Extracted data entries

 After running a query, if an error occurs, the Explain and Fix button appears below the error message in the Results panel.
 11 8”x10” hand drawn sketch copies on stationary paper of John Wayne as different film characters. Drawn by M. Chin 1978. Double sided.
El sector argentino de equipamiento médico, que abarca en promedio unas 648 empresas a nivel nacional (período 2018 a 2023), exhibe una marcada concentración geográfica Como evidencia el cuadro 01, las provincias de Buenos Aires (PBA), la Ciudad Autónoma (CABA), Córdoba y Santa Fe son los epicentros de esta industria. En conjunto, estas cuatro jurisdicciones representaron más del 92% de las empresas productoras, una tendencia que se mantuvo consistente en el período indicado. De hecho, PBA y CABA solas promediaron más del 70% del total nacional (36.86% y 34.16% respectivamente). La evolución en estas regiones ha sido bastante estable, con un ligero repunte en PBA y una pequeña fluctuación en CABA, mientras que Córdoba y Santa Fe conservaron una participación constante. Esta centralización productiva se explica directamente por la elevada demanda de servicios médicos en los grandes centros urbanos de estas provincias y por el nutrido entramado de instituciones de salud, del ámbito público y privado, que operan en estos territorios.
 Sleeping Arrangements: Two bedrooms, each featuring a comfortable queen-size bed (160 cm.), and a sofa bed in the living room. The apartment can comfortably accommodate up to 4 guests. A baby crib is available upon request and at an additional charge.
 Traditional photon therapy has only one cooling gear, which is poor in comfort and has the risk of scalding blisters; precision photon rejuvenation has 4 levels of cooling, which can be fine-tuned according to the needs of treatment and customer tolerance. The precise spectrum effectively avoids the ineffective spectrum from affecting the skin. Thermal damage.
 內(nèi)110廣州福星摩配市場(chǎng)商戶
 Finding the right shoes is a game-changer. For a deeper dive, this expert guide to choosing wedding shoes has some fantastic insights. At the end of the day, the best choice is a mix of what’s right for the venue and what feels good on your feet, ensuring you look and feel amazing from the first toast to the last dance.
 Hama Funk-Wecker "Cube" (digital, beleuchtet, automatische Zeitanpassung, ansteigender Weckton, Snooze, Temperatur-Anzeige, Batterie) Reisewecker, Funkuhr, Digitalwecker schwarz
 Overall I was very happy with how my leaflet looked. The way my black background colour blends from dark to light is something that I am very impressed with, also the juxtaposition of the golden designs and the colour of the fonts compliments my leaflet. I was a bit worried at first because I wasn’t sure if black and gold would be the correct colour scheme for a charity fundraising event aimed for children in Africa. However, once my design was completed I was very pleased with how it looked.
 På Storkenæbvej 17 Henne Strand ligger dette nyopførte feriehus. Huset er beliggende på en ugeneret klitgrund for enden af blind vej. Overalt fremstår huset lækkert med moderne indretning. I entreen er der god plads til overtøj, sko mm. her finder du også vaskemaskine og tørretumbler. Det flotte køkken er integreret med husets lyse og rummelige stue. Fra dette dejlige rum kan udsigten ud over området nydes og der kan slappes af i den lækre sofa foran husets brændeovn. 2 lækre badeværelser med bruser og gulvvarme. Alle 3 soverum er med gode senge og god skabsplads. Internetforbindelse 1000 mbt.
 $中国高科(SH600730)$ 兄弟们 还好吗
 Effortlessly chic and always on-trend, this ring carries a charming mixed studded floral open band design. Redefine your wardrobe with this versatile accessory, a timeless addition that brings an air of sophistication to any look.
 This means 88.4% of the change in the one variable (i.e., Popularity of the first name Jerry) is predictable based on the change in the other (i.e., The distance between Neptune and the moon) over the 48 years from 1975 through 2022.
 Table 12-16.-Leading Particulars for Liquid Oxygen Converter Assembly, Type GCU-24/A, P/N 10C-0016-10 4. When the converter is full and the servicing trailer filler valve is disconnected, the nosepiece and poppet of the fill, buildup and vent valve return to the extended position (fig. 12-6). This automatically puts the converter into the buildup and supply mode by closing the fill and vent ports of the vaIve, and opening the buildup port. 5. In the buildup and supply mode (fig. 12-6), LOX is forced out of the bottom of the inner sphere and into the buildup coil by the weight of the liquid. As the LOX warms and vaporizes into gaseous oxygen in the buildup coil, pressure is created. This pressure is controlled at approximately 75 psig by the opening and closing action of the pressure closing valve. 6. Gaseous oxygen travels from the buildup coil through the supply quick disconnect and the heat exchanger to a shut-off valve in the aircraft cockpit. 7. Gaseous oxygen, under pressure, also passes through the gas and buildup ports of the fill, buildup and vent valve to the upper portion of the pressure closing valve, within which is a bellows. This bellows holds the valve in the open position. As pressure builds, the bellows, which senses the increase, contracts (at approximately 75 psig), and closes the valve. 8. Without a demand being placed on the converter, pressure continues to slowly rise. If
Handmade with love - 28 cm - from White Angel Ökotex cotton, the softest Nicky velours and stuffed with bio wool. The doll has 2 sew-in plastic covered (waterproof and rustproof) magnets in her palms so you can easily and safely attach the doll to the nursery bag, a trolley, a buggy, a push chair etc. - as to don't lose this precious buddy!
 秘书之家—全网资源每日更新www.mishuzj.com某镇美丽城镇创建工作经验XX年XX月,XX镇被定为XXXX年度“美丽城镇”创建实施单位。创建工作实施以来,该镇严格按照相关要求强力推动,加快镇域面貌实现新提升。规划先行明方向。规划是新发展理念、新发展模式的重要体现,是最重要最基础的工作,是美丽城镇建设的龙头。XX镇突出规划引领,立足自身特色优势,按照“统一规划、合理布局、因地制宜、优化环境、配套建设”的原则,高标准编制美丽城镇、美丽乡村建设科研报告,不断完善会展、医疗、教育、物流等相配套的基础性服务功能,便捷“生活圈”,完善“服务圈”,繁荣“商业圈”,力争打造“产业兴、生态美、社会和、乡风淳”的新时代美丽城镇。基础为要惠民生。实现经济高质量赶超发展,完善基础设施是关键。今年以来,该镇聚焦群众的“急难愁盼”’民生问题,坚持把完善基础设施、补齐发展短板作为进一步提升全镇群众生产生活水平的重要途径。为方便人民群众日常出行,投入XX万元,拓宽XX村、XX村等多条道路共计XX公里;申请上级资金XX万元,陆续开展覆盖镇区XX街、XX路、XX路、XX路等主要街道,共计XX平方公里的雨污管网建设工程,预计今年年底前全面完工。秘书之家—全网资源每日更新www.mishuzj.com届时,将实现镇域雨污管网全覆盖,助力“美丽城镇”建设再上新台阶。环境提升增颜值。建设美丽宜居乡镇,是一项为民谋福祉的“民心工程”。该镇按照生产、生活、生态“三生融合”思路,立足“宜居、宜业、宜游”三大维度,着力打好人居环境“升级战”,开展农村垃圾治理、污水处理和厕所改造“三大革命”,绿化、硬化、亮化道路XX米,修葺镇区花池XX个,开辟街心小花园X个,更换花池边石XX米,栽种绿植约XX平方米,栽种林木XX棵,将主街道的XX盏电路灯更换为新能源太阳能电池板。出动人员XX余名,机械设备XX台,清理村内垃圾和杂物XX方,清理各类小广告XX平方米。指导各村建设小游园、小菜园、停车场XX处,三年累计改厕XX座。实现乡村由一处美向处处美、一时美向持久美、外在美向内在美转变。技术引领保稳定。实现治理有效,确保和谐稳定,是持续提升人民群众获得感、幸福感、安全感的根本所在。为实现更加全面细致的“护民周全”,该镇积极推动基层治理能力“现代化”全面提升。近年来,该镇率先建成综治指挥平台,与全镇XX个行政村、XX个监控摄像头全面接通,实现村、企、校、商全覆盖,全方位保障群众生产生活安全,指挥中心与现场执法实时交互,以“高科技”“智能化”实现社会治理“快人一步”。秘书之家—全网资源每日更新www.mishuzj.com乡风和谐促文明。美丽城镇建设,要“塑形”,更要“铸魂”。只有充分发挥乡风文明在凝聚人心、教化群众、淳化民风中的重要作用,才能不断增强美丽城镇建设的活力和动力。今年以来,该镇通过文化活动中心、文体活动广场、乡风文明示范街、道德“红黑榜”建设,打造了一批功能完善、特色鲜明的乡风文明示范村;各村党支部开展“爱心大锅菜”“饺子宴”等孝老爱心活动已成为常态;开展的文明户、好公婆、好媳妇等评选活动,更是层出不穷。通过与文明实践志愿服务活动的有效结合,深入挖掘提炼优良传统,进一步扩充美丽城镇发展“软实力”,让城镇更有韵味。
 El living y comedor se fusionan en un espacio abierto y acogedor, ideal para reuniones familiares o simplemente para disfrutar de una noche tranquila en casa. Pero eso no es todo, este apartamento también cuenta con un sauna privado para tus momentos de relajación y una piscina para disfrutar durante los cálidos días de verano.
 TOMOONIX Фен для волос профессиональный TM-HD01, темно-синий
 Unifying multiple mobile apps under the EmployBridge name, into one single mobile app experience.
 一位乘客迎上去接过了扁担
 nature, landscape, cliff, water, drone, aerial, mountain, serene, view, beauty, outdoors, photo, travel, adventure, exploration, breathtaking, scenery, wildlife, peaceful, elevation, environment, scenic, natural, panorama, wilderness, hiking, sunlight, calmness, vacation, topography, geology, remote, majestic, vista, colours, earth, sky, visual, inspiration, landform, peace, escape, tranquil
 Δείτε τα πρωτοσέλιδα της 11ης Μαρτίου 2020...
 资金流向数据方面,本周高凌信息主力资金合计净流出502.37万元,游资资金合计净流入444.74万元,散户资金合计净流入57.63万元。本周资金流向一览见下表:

> **YOUR TASK**
In the records above, find the line with "Traditional photon therapy"; write out exactly that line and each one after it, stopping after the line with "內(nèi)110廣州福星摩配市場(chǎng)商戶".

> **TASK OUTPUT**
 Traditional photon therapy has only one cooling gear, which is poor in comfort and has the risk of scalding blisters; precision photon rejuvenation has 4 levels of cooling, which can be fine-tuned according to the needs of treatment and customer tolerance. The precise spectrum effectively avoids the ineffective spectrum from affecting the skin. Thermal damage.
 內(nèi)110廣州福星摩配市場(chǎng)商戶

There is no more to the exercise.